International Journal of scientific research in Science, Engineering and Technology (
In this research paper, we have considered regular used North Indian classical music instruments like flute solo performances. For a monophonic instrument identification problem, the voice classification is very easy. While for North Indian Classical Music which is Homophonic (single sound streamline go together with by background instruments such as Tanpura, Harmonium, Guitar that is played continuously as the tune progresses) the classification of voice from the background voice is challenging task. The output sound is a combination of all sounds generated together giving a feeling of harmonious sound which is difficult to separate into parts or layers. Similar to singing voice there exist timbre for different musical instruments. The North Indian Classical music considers, for example, Flute, Violin, Harmonium, Sarod, Sitar, Shehnai, as leading Classical Instruments that are separately played. These instruments are used in the similar way a singer sings classical ragas. From instrument identification viewpoint a lot of research has been made towards a classification of an instrument in an orchestra recording or simple instrument dividation by identification of its timbre. The usual categorization or classification of the instruments is done into Flute, Violin, Clarinet, Trumpet etc. or the classification is into woodwind instruments, string instruments, bow instruments etc. Very insignificant research has been made into the identification of which flute? Which trumpet? Which violin? If, for example, we have five Flutes available, do we have the capability in our system that individually identifies the instrument units into Flute A, Flute B, and Flute C etc.? Researches, often declare usage of singing voice as a kind of musical instrument by saying that human voice: the most natural of all musical devices that are most widely used. But on the other side, there is minimum research and applications to detect separate ,,Unit of an instrument rather than a just type of north Indian musical instrument. Figure 1: Classification of Musical Instruments The north Indian musical instruments are also characterized by their timbers. The flute sounding husky and used for ragas containing minor notes of music are
undoubtedly completely different than the flue sounding immortal for ragas covering major notes. In this paper, we have used flutes performances from North Indian Classical Musical tones. It is to be stated here that the classical performances of any musical instruments playing North Indian classical Music are very similar to the performances of classical singers of this kind of music. A classical singer uses Tanpura harmonium as a supplementary instrument and sings primarily long notes contained in the ragas. Then, after completion of nearly all the notes described by the ragas, that lengthy and sung adequately, the rhythm starts slowly and then regularly the speed of the rhythm and singing and the rate of change of musical note sung per unit of time increases accordingly. Similar performance is observed with classical performances of north Indian classical musical instruments such as Violin or Flute and much more. IV. PROPOSED APPROACH AND ALGORITHM In this approach, we propose to have specifically two databases each containing 50 files. Which files have wav format recordings each of 5 sec duration, 16 bit PCM and which is having 11,025Hz sampling frequency respectively. The Database-1 contains 5 different flute musical instrument (which are different units) recordings with 10 samples of each. The Database-2 contains 5 different flutes (Which are different units) recordings with 10 samples of each recording. The arrangement of both datasets done this way has many purposes to be served. First, the system will be tested on audio that contains a combination of musical instruments. Second, the performance, importance, and role of Timbral sound descriptors can be verified and tested. Then, the comparison of the performance of statistical classifiers can be done on the basis of instrument sound inputs. Also, we wish to confuse the recognition system with respect to, whether it is a Flute or Violin. By this way in Database-1 or in Database-2, if we have total 10 numbers of Flutes and if Flute 7 is identified as Flute 7 for example, then that means a musical instrument Flute unit of number 7 has been properly identified as Flute number 7. Thus by this procedure of audio input, this makes the same system to work as a musical instrument identifier.
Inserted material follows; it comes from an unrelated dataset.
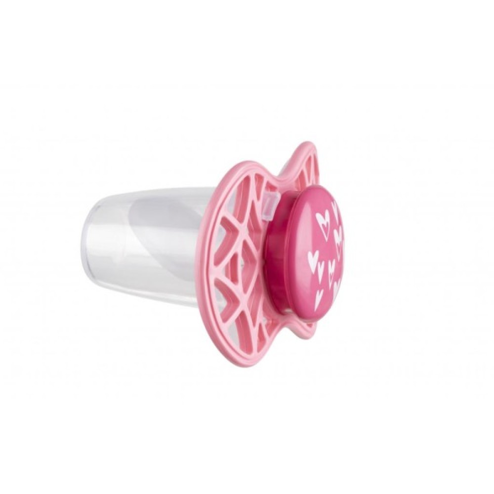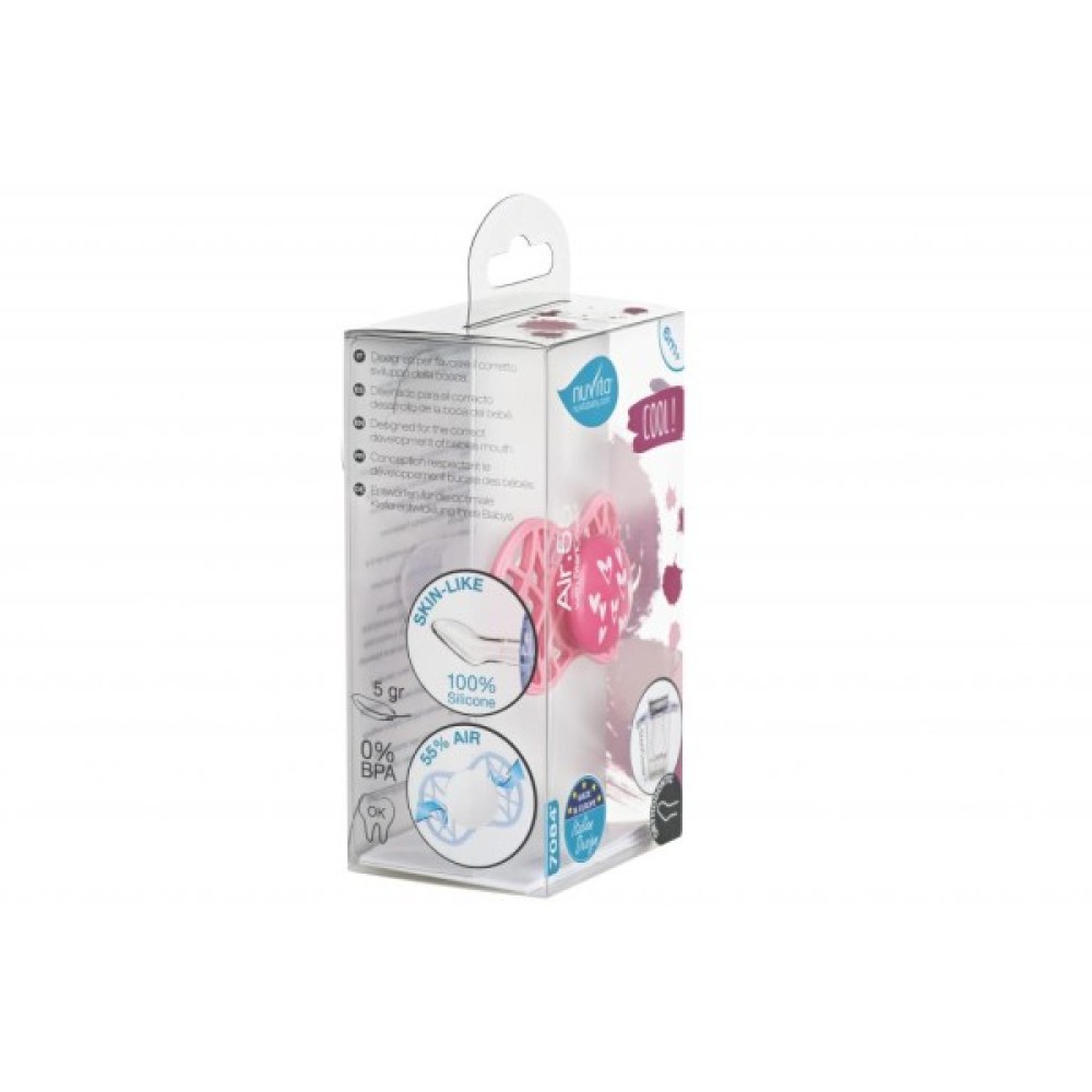 Пустушка ортодонтична Nuvita NV7084 Air55 Cool 6m + "сердечка" рожева. Пластина соски на 55% складається з повітря забезпечуючи майже повну аерацію області навколо рота, уникаючи скупчення слини, яка може подразнювати шкіру. Захисний ковпачок для соски для підтримки чистоти соски і стерилізації в мікрохвильовій печі простим додаванням води.

International Journal of Scientific Research in Science, Engineering and Technology (
In order to study the audio imaginative phases of this above-stated system, a hybrid selection algorithm is applied only on the audio descriptors, defined under the taxonomy of timber. As per MPEG standard, there are more than 50 sound descriptors and can be categorized according to a variety of taxonomy depending upon their point of view. In north Indian musical instrument identification research taxonomy of audio descriptors is surveyed that includes following audio descriptors under the title of Timbre in MIRtoolbox. The audio descriptors are: attack time, zero-crossing rate, and attack slope, roll off, roughness, brightness, MFCC. The attack time and slop are not useful for harmonic sound samples there for there are neglected giving total 6 audio descriptors including MFCC. Algorithms: A. RMS- For a brief audio signal (frame) consisting of N samples, the amplitude of the signal measured by the root Mean square is delineated by equation mentioned below. RMS may be a measure of the loudness of an audio signal and since changes in loudness are vital cues for brand new sound events it is employed in audio segmentation. During this project RMS options, are accustomed observe boundaries among completely different musical instruments. The tactic for detecting boundaries relies on the difference measure of those amplitude distributions. P=
The PCs for the RMS Energy values were calculated using the matrix for the dataset, C, with the subsequent: z= Where: z could be a column matrix containing the PCs themselves, A could be a matrix that has columns consisting of the eigenvectors of the matrix, C, and x* could be a column matrix containing a consistent version of the dataset vector x. Using above equation to see the PCs and so applying Kaiser's rule, solely three PCs are maintained for the RMS Energy information. For these three PCs, the additive share of total variation diagrammatic was 88.9%. Therefore the spatiality of the input data vector to the ANN/KNN has been reduced a substantial saving. To obtain some plan of the problem of discrimination of the four instruments supported these three PCs, XGOBI, an interactive dynamic graphiCS program for information visualization developed at Bellcore, was want to plot a 2D scatter plot of the three PCs for the ANN/KNN training dataset. Except for some overlap between the guitar and piano clusters, fairly sensible separation exists between instruments. This suggests the approach chosen for the system has potential. C. ANN- A multilayer perceptron ANN with sigmoid nonlinearity exploitation the back Propagation training rule was used because of the classification paradigm. This was used primarily as a result of its widespread use, quality and successful application by different researchers in playing similar classification tasks.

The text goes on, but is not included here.